- _Problem to solve_:
Begin at the line below that holds "未知との遭遇に備えたメッセー" and end at the line that holds "選挙本番を前にした三日には、", transcribing each line exactly and skipping any picture.

- _Provided data_:
Start of Block
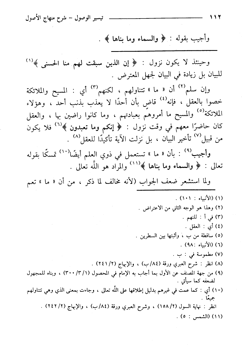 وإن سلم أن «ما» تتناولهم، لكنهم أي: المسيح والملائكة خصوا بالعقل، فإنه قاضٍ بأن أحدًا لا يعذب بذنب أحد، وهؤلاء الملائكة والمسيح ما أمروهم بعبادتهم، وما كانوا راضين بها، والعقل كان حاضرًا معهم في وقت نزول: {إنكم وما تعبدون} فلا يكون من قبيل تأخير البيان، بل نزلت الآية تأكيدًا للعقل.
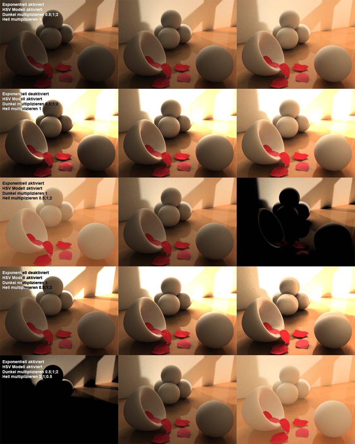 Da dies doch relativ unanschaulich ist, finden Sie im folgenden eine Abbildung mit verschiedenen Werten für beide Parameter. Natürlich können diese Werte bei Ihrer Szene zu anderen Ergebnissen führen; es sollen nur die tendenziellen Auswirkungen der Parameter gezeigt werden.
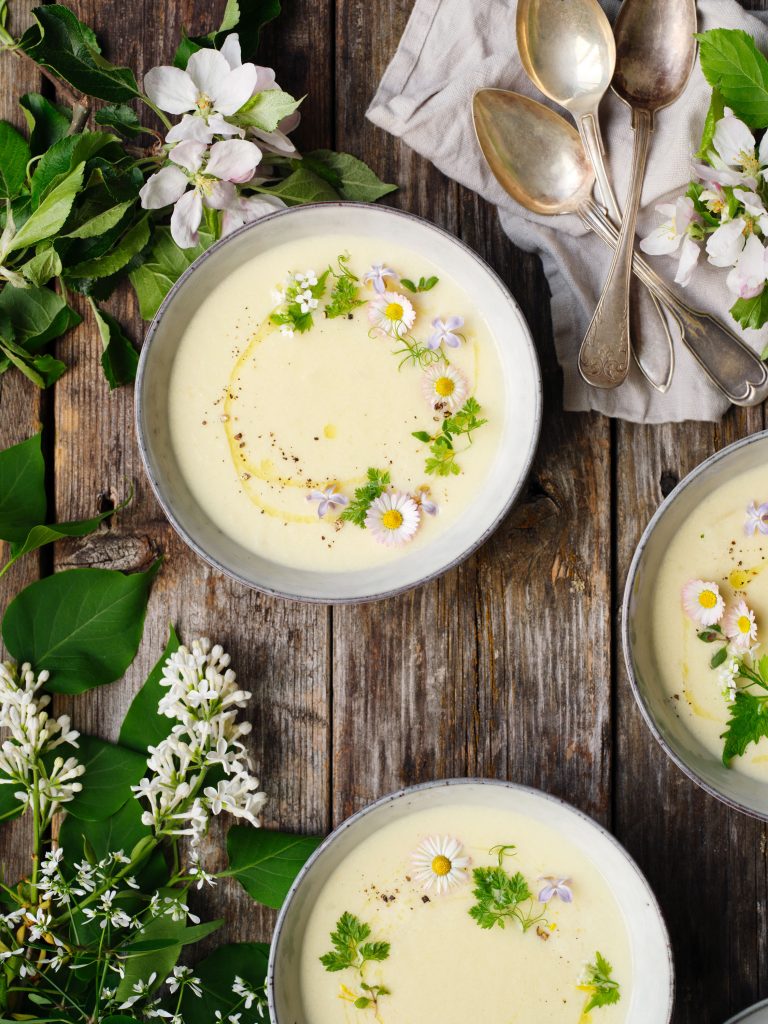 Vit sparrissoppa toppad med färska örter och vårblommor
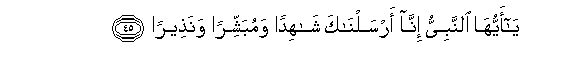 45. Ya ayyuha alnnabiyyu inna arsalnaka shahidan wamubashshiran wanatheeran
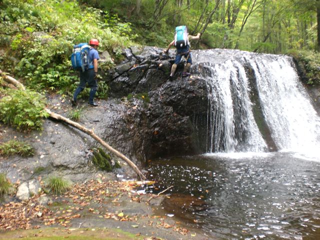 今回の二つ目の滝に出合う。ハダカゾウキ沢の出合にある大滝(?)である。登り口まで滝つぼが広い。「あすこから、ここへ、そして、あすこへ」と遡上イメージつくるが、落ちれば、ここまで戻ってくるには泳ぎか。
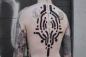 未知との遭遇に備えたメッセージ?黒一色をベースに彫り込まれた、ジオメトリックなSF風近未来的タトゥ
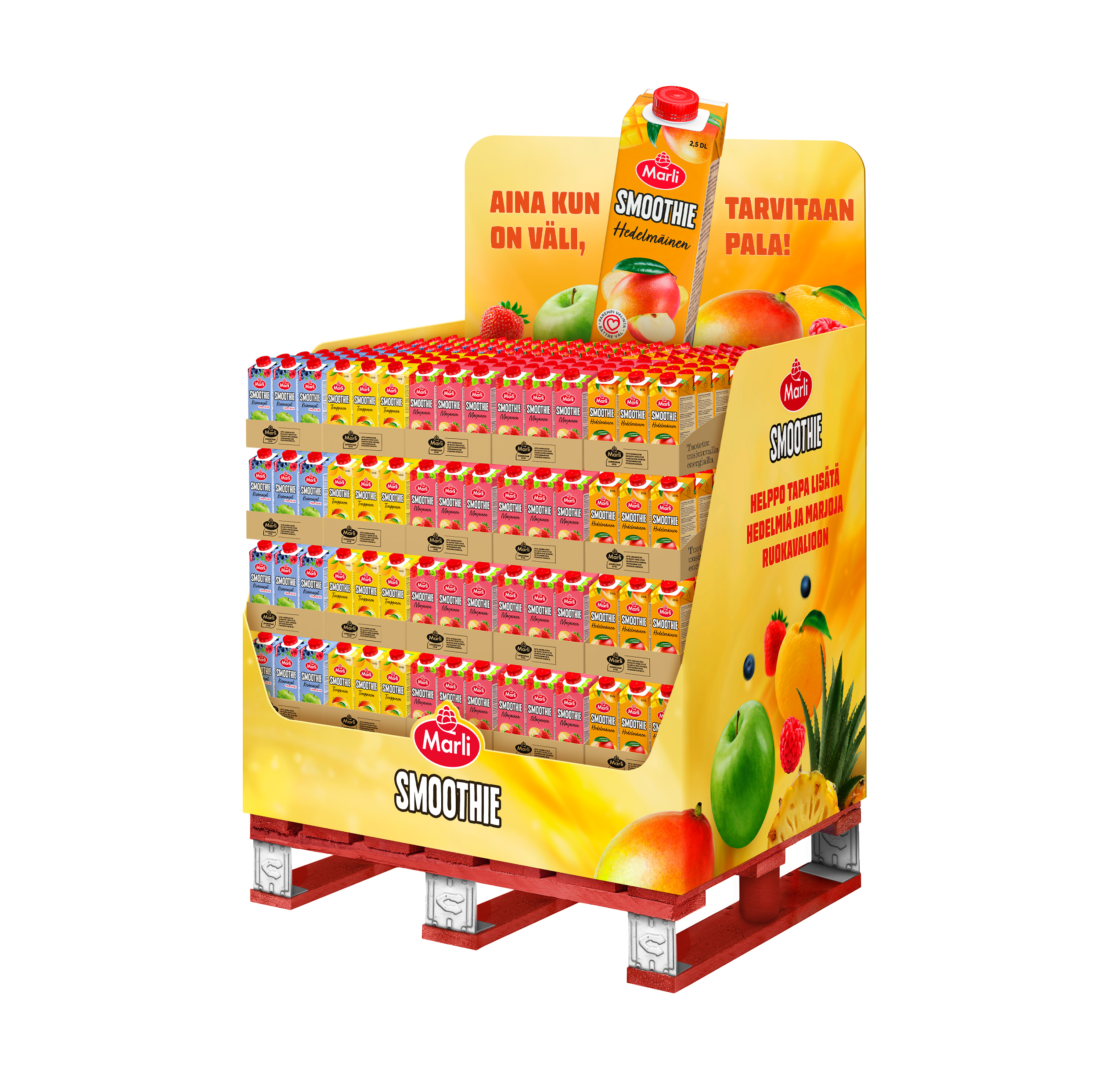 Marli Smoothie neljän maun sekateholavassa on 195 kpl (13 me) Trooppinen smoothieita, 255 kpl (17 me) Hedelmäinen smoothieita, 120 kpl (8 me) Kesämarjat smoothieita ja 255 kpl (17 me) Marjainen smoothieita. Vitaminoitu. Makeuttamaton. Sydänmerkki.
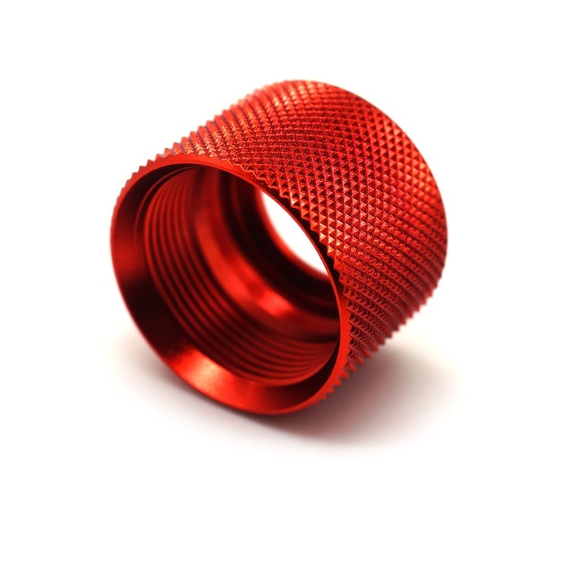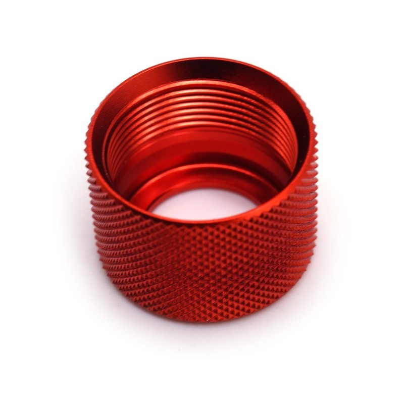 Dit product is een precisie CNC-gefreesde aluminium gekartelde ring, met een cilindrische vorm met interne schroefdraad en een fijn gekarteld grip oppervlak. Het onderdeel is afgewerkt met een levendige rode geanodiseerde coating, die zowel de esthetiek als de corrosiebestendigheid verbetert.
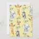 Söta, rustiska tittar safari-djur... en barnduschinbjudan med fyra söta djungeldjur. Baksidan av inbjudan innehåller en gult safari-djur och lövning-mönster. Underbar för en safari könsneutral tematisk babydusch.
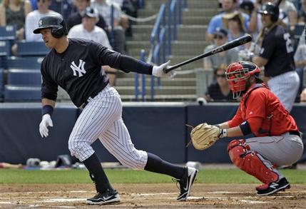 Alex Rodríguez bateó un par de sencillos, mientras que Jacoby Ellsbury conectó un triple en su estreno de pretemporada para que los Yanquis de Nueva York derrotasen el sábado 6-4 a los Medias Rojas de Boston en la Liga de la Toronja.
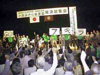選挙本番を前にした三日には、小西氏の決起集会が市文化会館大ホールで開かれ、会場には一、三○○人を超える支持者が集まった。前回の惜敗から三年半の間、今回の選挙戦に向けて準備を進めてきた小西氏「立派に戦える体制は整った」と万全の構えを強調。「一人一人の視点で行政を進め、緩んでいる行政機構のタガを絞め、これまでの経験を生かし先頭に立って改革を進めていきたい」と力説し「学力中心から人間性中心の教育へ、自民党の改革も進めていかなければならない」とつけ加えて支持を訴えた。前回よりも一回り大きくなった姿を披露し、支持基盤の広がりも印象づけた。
End of Block
Start of Block
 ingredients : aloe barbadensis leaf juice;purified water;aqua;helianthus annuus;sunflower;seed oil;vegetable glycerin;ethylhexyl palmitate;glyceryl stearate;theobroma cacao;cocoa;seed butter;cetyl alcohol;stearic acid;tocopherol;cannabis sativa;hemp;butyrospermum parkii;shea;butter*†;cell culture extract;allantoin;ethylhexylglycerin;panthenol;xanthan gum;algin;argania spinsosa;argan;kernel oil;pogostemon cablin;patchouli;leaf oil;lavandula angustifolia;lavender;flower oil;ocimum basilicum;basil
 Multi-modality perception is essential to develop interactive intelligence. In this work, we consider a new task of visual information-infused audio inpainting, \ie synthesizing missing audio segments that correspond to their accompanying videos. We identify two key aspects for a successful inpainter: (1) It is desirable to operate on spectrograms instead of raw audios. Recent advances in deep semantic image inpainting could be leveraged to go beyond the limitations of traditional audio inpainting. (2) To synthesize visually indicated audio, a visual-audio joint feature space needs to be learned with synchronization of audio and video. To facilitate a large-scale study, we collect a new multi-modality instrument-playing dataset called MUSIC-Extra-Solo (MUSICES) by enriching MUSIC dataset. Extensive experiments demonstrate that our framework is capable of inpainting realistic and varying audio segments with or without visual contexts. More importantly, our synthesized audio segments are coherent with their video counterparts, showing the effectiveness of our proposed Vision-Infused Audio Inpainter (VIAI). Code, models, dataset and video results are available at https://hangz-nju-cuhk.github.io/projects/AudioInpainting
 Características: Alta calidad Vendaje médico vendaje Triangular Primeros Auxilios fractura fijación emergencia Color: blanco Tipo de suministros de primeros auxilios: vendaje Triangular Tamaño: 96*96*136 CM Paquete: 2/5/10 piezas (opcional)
End of Block
- _Answer space_:
 未知との遭遇に備えたメッセージ?黒一色をベースに彫り込まれた、ジオメトリックなSF風近未来的タトゥ
 Marli Smoothie neljän maun sekateholavassa on 195 kpl (13 me) Trooppinen smoothieita, 255 kpl (17 me) Hedelmäinen smoothieita, 120 kpl (8 me) Kesämarjat smoothieita ja 255 kpl (17 me) Marjainen smoothieita. Vitaminoitu. Makeuttamaton. Sydänmerkki.
 Dit product is een precisie CNC-gefreesde aluminium gekartelde ring, met een cilindrische vorm met interne schroefdraad en een fijn gekarteld grip oppervlak. Het onderdeel is afgewerkt met een levendige rode geanodiseerde coating, die zowel de esthetiek als de corrosiebestendigheid verbetert.
 Söta, rustiska tittar safari-djur... en barnduschinbjudan med fyra söta djungeldjur. Baksidan av inbjudan innehåller en gult safari-djur och lövning-mönster. Underbar för en safari könsneutral tematisk babydusch.
 Alex Rodríguez bateó un par de sencillos, mientras que Jacoby Ellsbury conectó un triple en su estreno de pretemporada para que los Yanquis de Nueva York derrotasen el sábado 6-4 a los Medias Rojas de Boston en la Liga de la Toronja.
選挙本番を前にした三日には、小西氏の決起集会が市文化会館大ホールで開かれ、会場には一、三○○人を超える支持者が集まった。前回の惜敗から三年半の間、今回の選挙戦に向けて準備を進めてきた小西氏「立派に戦える体制は整った」と万全の構えを強調。「一人一人の視点で行政を進め、緩んでいる行政機構のタガを絞め、これまでの経験を生かし先頭に立って改革を進めていきたい」と力説し「学力中心から人間性中心の教育へ、自民党の改革も進めていかなければならない」とつけ加えて支持を訴えた。前回よりも一回り大きくなった姿を披露し、支持基盤の広がりも印象づけた。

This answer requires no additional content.